Closed baloola closed 7 months ago

baloola commented 1 year ago

The current supported structure of stac api is a catalog(root) that contains collections, then each collection contains its items. ( Catalog (root) -> Collections -> Items)

Which means if we have a resource-metadata collection, no sub-collection would be enabled in the stac api.

I can see that the resource-metadata stac objects are generated as collections "ml_collection and no_ml_collection" which means they cannot be ingested as sub-collections, I would propose to generate a one resource-metadata collection and then add the rest of objects to it as items.

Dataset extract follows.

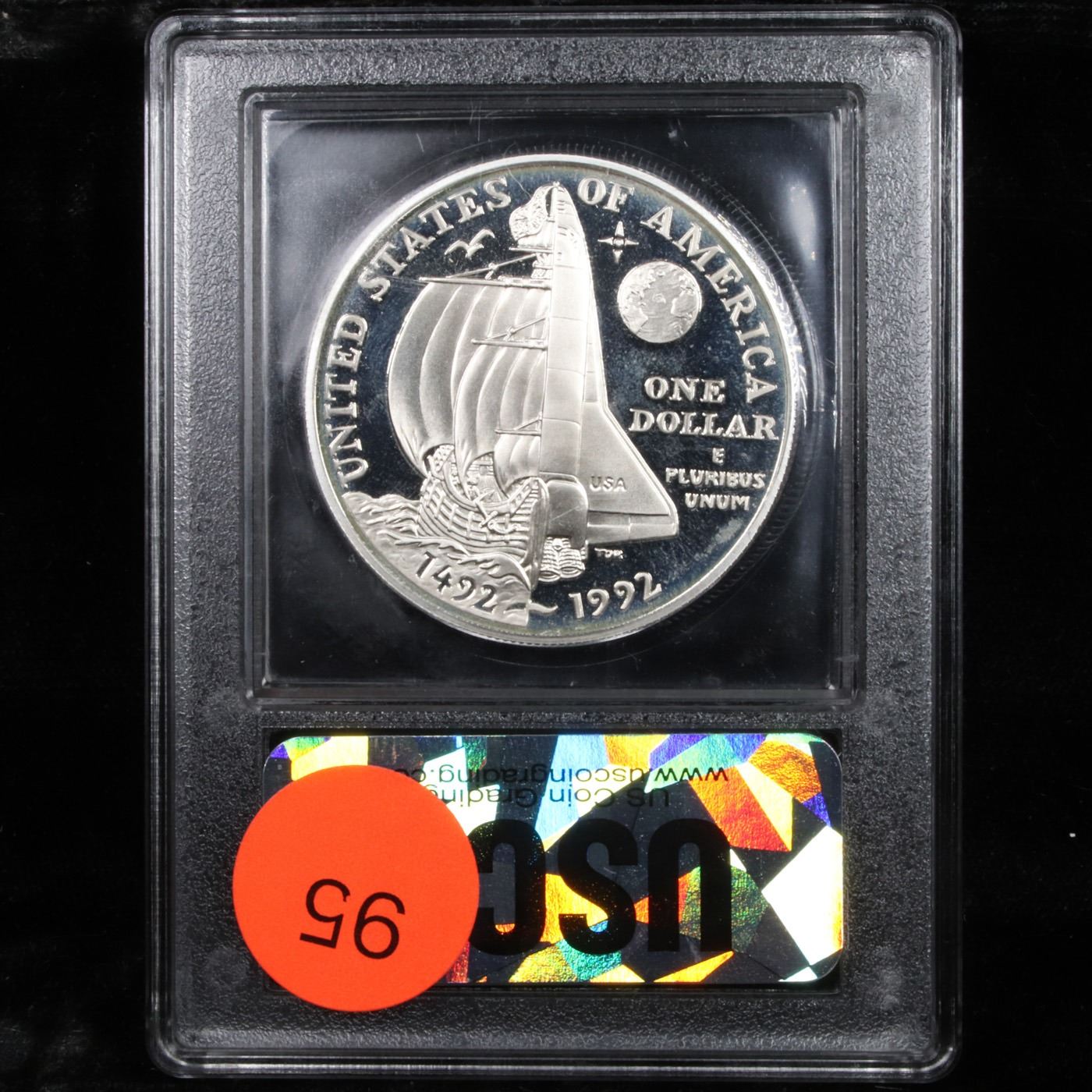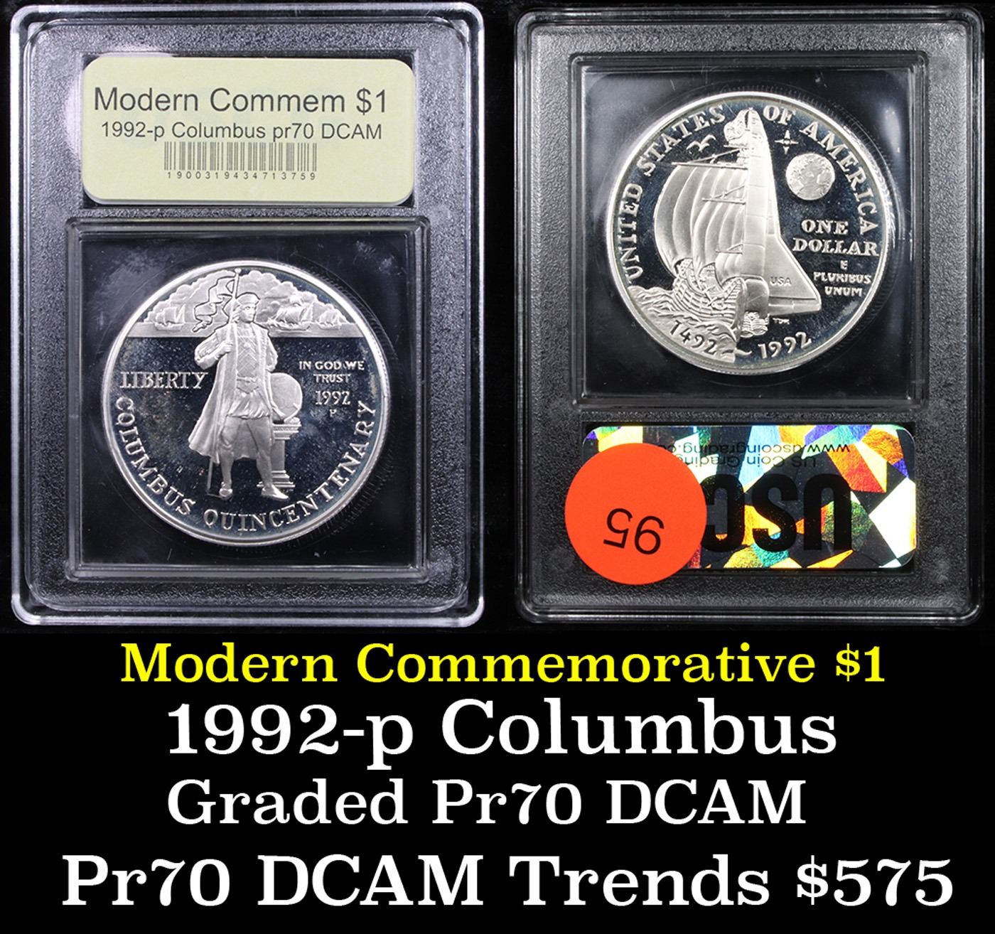 ***Auction Highlight*** 1992-P Columbus Modern Commem Dollar $1 Grades GEM++ Proof Deep Cameo By USCG. An amazing design is on the Reverse of this coin with one of Columbus' ships on the left and merged on the Right with the space shuttle, each showing the means of exploration 500 years apart. This Commemorative was issued to mark the 500th anniversary or quincentenary of the discovery of the Americas by Christopher Columbus. This proof dollar is graded PR70 DCAM by USCG.

KathiSchleidt commented 1 year ago

Do I understand correctly that while STAC can formally nest catalogs and collections in any way, the api only supports the simplified hierarchy of Catalog (root) -> Collections -> Items? No Collections of Collections?

To my memory, most of the datasets available on the existing FAIRiCUBE catalogue (taken from EDC) were described as Collections already (wasn't quite sure why, working assumption was that as they were mostly time series, a single time slice was seen as an Item, the time series as a Collection), we will not be able to create a group of dataset metadata separate from a/p resource metadata?

baloola commented 1 year ago

exactly, you are correct regarding the api structure. As for the EDC collections, I assume ingesting the collection's items instead would be a valid workaround.

sMorrone commented 1 year ago

dear @baloola while I am not that happy with this structure, I am afraid we have no choice. Let's agree on the following: we have one FiC catalog with 3 collections: dataset, ML resources and non-ML resources . Probably you could just take the related jsons (https://fairicube.github.io/resource-metadata/ml_collection.json and https://fairicube.github.io/resource-metadata/no_ml_collection.json) and include as child in the root FiC catalog?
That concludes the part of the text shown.